─── EXERCISE INPUTS ───
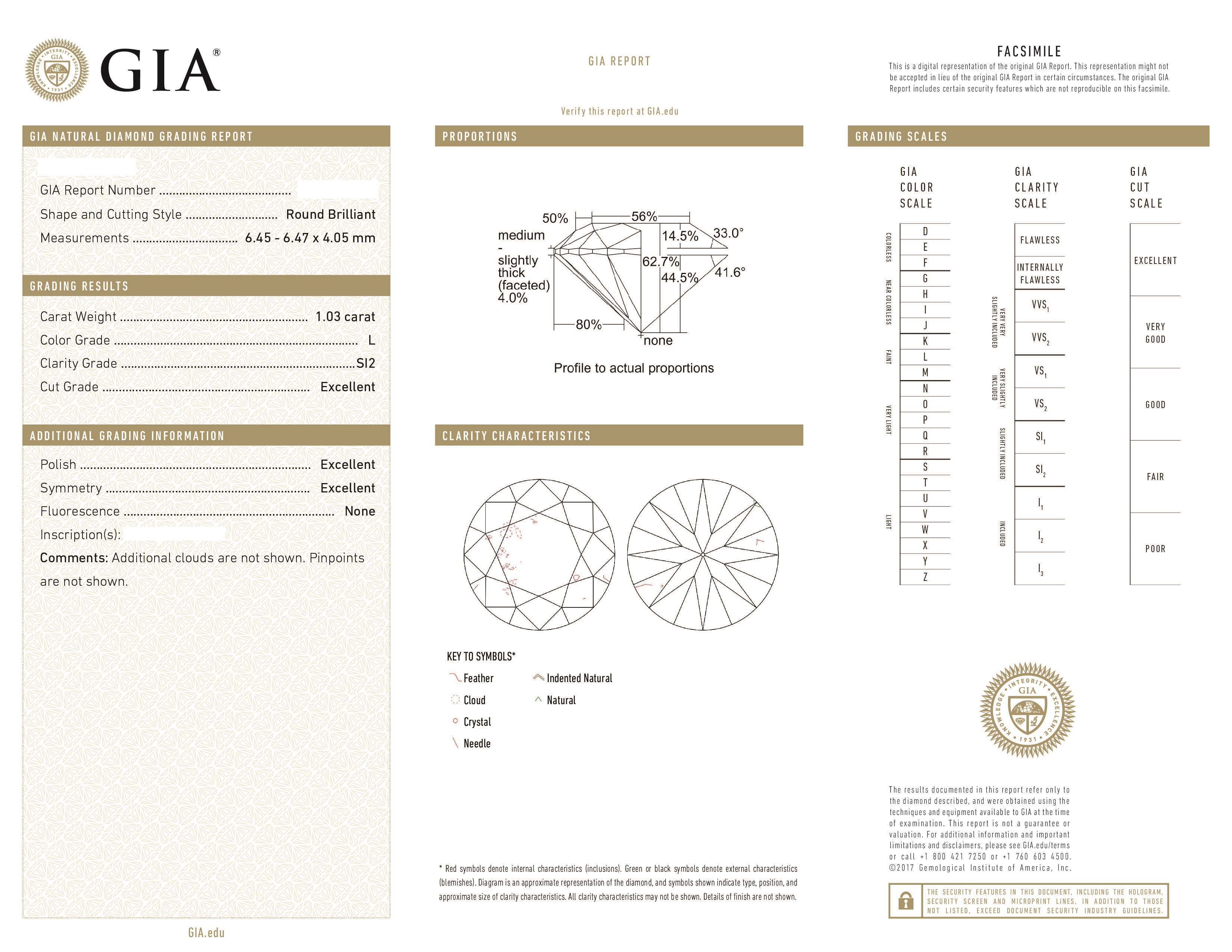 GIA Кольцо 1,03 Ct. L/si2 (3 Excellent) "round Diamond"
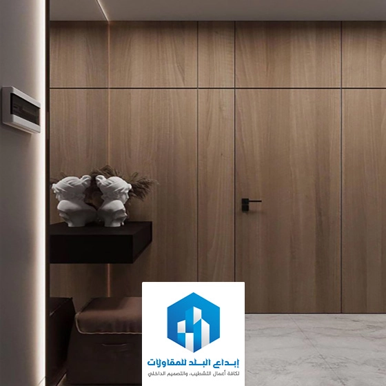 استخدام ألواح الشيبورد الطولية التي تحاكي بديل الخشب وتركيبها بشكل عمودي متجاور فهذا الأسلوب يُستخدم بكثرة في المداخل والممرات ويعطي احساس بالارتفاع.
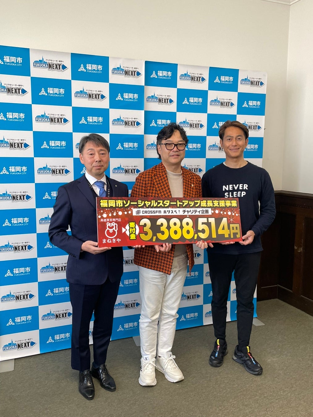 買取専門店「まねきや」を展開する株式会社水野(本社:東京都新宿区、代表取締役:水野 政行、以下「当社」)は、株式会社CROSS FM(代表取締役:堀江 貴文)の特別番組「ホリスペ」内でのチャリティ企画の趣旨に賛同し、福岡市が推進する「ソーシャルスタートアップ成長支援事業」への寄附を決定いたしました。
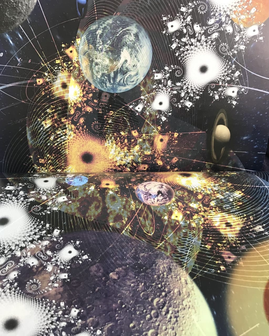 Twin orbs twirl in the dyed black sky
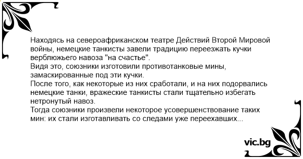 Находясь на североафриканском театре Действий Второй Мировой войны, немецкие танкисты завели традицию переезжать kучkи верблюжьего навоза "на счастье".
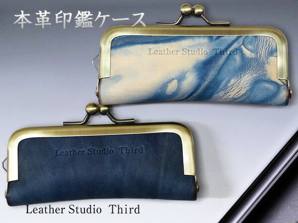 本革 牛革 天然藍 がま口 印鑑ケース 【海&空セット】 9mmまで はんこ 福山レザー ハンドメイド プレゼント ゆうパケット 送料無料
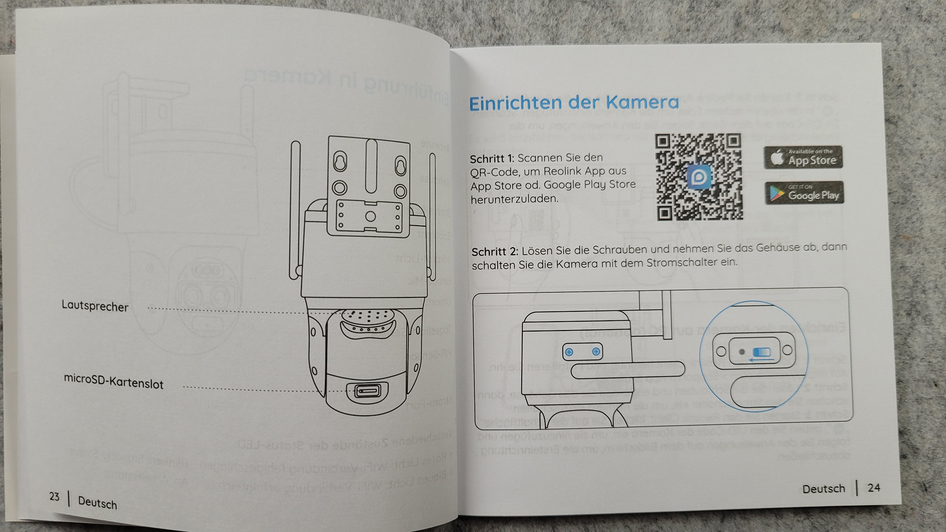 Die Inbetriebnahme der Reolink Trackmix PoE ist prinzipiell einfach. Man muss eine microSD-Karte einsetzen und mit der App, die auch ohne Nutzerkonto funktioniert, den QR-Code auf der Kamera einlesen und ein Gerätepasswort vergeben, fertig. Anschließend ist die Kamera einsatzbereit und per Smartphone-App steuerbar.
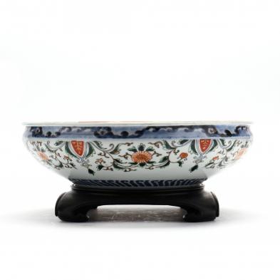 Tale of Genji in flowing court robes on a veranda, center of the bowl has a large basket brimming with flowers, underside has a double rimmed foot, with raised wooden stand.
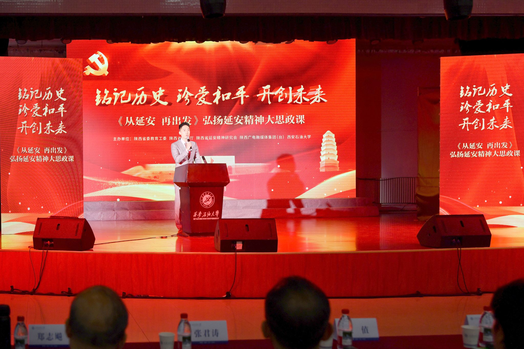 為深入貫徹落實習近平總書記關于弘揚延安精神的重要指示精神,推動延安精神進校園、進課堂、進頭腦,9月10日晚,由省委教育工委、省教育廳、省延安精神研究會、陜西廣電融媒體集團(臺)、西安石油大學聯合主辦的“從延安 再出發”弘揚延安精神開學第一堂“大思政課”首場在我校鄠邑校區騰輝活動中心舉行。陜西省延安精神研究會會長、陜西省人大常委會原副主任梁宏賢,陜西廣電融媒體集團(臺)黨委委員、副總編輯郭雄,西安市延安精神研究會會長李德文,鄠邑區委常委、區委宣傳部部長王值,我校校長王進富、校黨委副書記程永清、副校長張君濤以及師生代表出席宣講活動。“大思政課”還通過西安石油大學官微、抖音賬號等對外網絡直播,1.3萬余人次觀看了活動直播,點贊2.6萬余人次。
───
▸ **EXERCISE REQUIREMENTS**
From the opening line of the entries, copy each line exactly until the line with "Tale of Genji", which is copied as well; leave out pictures.

▸ **EXERCISE RESULT**
 GIA Кольцо 1,03 Ct. L/si2 (3 Excellent) "round Diamond"
 استخدام ألواح الشيبورد الطولية التي تحاكي بديل الخشب وتركيبها بشكل عمودي متجاور فهذا الأسلوب يُستخدم بكثرة في المداخل والممرات ويعطي احساس بالارتفاع.
 買取専門店「まねきや」を展開する株式会社水野(本社:東京都新宿区、代表取締役:水野 政行、以下「当社」)は、株式会社CROSS FM(代表取締役:堀江 貴文)の特別番組「ホリスペ」内でのチャリティ企画の趣旨に賛同し、福岡市が推進する「ソーシャルスタートアップ成長支援事業」への寄附を決定いたしました。
 Twin orbs twirl in the dyed black sky
 Находясь на североафриканском театре Действий Второй Мировой войны, немецкие танкисты завели традицию переезжать kучkи верблюжьего навоза "на счастье".
 本革 牛革 天然藍 がま口 印鑑ケース 【海&空セット】 9mmまで はんこ 福山レザー ハンドメイド プレゼント ゆうパケット 送料無料
 Die Inbetriebnahme der Reolink Trackmix PoE ist prinzipiell einfach. Man muss eine microSD-Karte einsetzen und mit der App, die auch ohne Nutzerkonto funktioniert, den QR-Code auf der Kamera einlesen und ein Gerätepasswort vergeben, fertig. Anschließend ist die Kamera einsatzbereit und per Smartphone-App steuerbar.
 Tale of Genji in flowing court robes on a veranda, center of the bowl has a large basket brimming with flowers, underside has a double rimmed foot, with raised wooden stand.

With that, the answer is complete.